The Corner

Fairness and Akin

Via Commentary’s blog, I see defenses of Akin — of his continuing his campaign, that is — from Tony Perkins and Kirk Cameron. Both of them say that people are being unfair to Akin: in Cameron’s case because most people are judging him on the basis of one remark rather than his whole career, in Perkins’s case because Republicans are being tougher on him for making a gaffe than they have been on other candidates.
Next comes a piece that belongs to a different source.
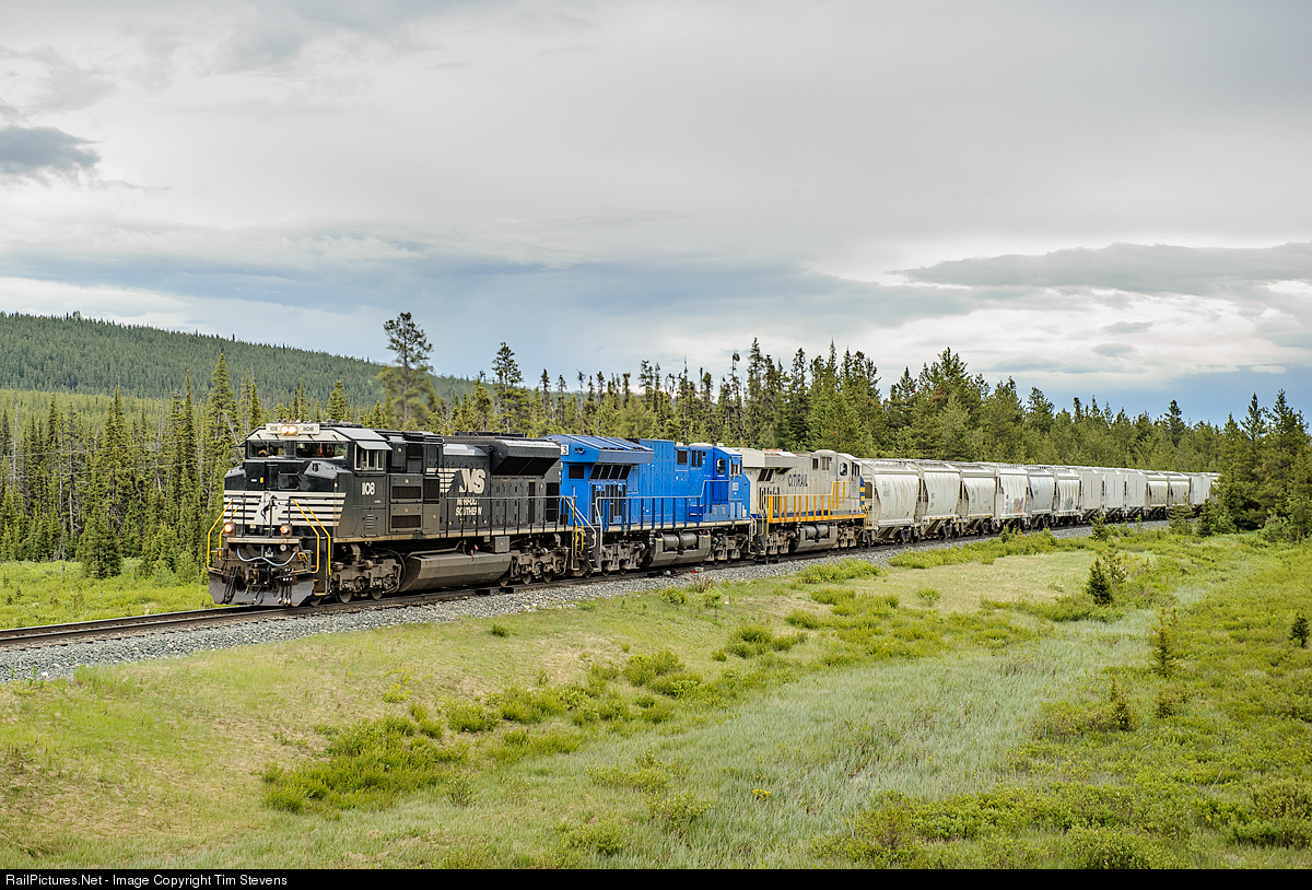 With an absolutely bonkers motive power consist, Swan Landing-Grande Prairie train A458 heads north on the Grande Cache Sub with 102 sand loads. This might be the first time an NS unit has operated on these rails, let alone leading. NS SD70ACe 1108, GECX ET44AC 2033 and CREX ES44AC 1515 are up front, while CREX ES44ACs 1512 and 1514 were assisting on the rear.

These defenses are quite beside the point. Like anyone else, Akin of course deserves to be treated justly. People should not criticize him more than he merits, or criticize him more than they would criticize other people who said similar things, or distort what he has said. It may well be, as Perkins has also said, that Akin is a thoroughly decent man in person. (That has been my own experience of him.) None of that means that he deserves to continue as the Republican nominee from Missouri. Those of us who take the view — the view shared by Akin, Cameron, and Perkins — that the law should protect the right to life of unborn children have an obligation to them, if we think that Akin’s staying in the race sets back that cause, to urge him to leave. And there can have been no serious doubt from Sunday onward that some other pro-lifer would have had a better shot of winning the seat.

It would be bad enough if socially conservative media figures and organization heads were unable to grasp this point. It is worse if they are not even thinking in these terms to start with.